Once the line with "วันที่ 3 ธันวาคม" is found, repeat it and all later lines exactly through the end of the listing below, with the pictures left out.

• • • • •

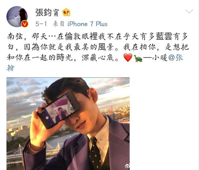 几乎是在同时,作为事件的女主,张钧蜜同样也发布了一篇微博,在微博中她称:“南弦,那天,在伦敦眼里我不在乎天有多蓝有多白,因为你就是我最美的风景。我在拍你,是想把和你在一起的时光,藏在心底。-小暖@张翰”。
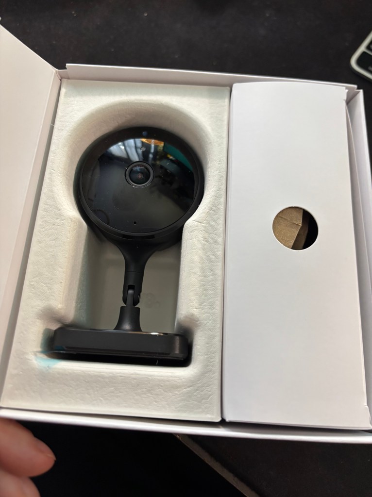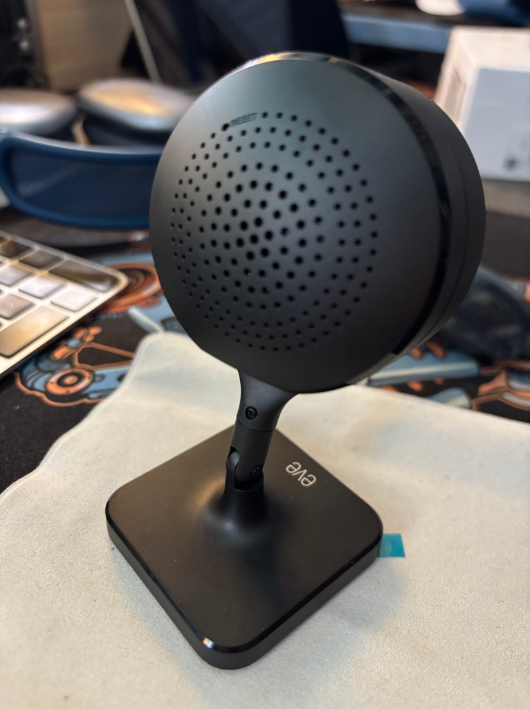 Première impression en déballant la Eve Cam : elle joue la carte de la sobriété. Avec son boîtier noir mat légèrement bombé, monté sur un socle articulé, elle se fond facilement dans n’importe quel intérieur. Sa petite taille (122 x 65 x 60 mm) lui permet d’être discrète sur une étagère, un meuble TV, ou même fixée au mur (grâce au kit fourni).
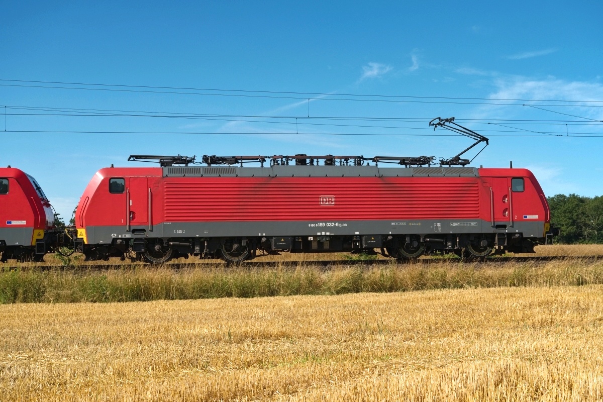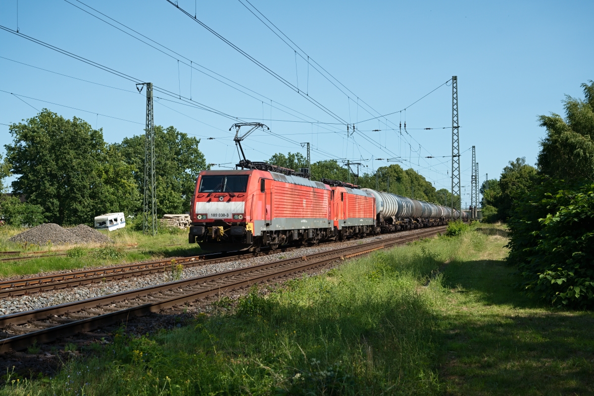 Dto. 189 038-3 am 06.08.2024 bei Vechelde (HVEC) Sierße mit 189 032-6 und
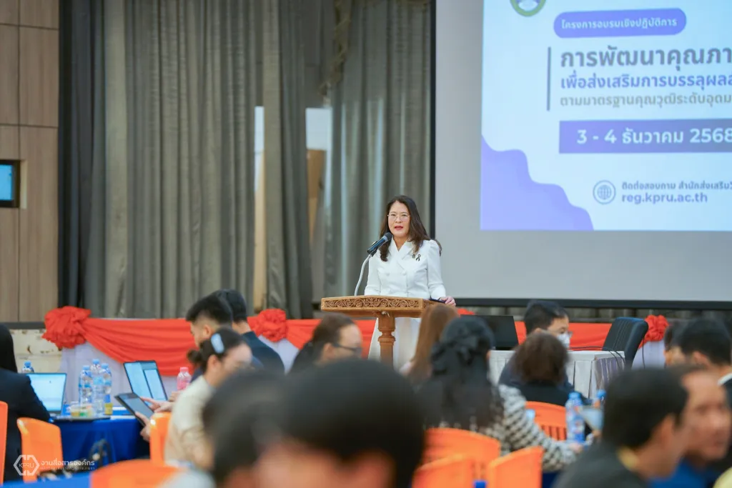 วันที่ 3 ธันวาคม 2568 ผู้ช่วยศาสตราจารย์ ดร.ปรียานุช พรหมภาสิต อธิการบดี เป็นประธานในพิธีเปิดโครงการการอบรมเชิงปฏิบัติการ เรื่อง “การพัฒนาคุณภาพอาจารย์เพื่อส่งเสริมการบรรลุผลลัพธ์การเรียนรู้ตามมาตรฐานคุณวุฒิระดับอุดมศึกษา พ.ศ.2566” จัดโดยสำนักส่งเสริมวิชการและงานทะเบียน ระหว่างวันที่ 3 - 4 ธันวาคม 2568 ณ หอประชุมรัตนอาภา มหาวิทยาลัยราชภัฏกำแพงเพชร
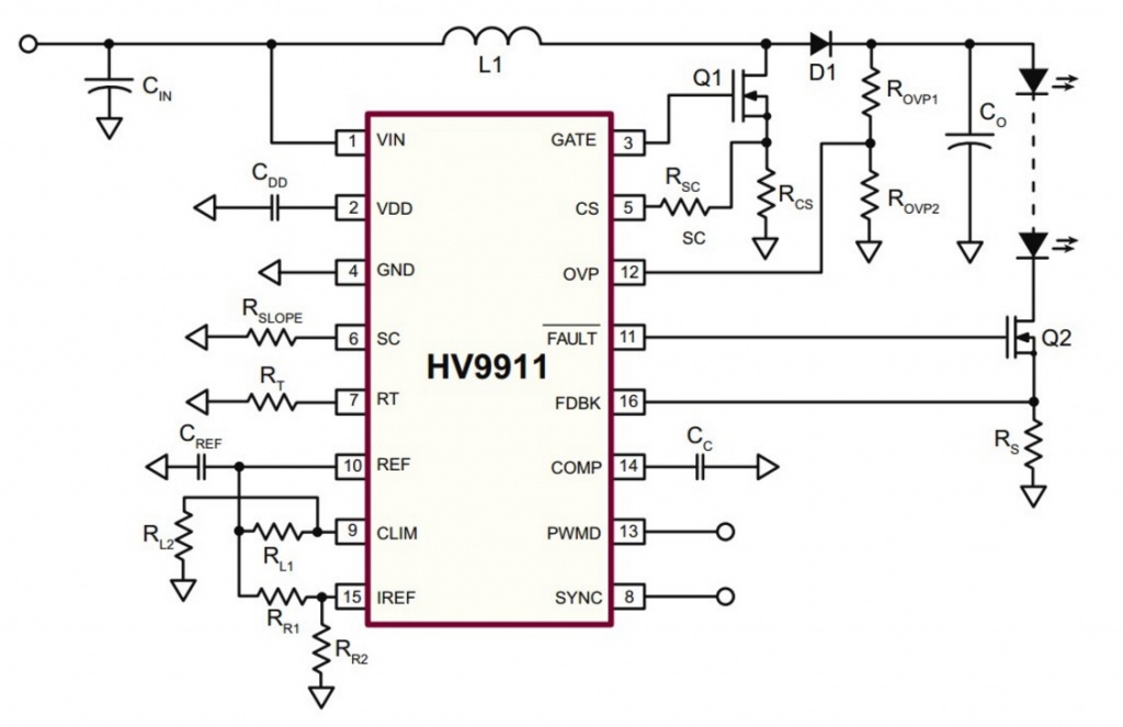 En el momento actual hay un circuito integrado para cada uso específico y no podía faltar uno adecuado para realizar la fuente de corriente que estamos necesitando. Este integrado muy conocido es el HV9911 que podemos considerar como un conversor tensión/corriente de alto rendimiento para una cadena de LEDs.

• • • • •

**WRITTEN RESPONSE:**
 วันที่ 3 ธันวาคม 2568 ผู้ช่วยศาสตราจารย์ ดร.ปรียานุช พรหมภาสิต อธิการบดี เป็นประธานในพิธีเปิดโครงการการอบรมเชิงปฏิบัติการ เรื่อง “การพัฒนาคุณภาพอาจารย์เพื่อส่งเสริมการบรรลุผลลัพธ์การเรียนรู้ตามมาตรฐานคุณวุฒิระดับอุดมศึกษา พ.ศ.2566” จัดโดยสำนักส่งเสริมวิชการและงานทะเบียน ระหว่างวันที่ 3 - 4 ธันวาคม 2568 ณ หอประชุมรัตนอาภา มหาวิทยาลัยราชภัฏกำแพงเพชร
 En el momento actual hay un circuito integrado para cada uso específico y no podía faltar uno adecuado para realizar la fuente de corriente que estamos necesitando. Este integrado muy conocido es el HV9911 que podemos considerar como un conversor tensión/corriente de alto rendimiento para una cadena de LEDs.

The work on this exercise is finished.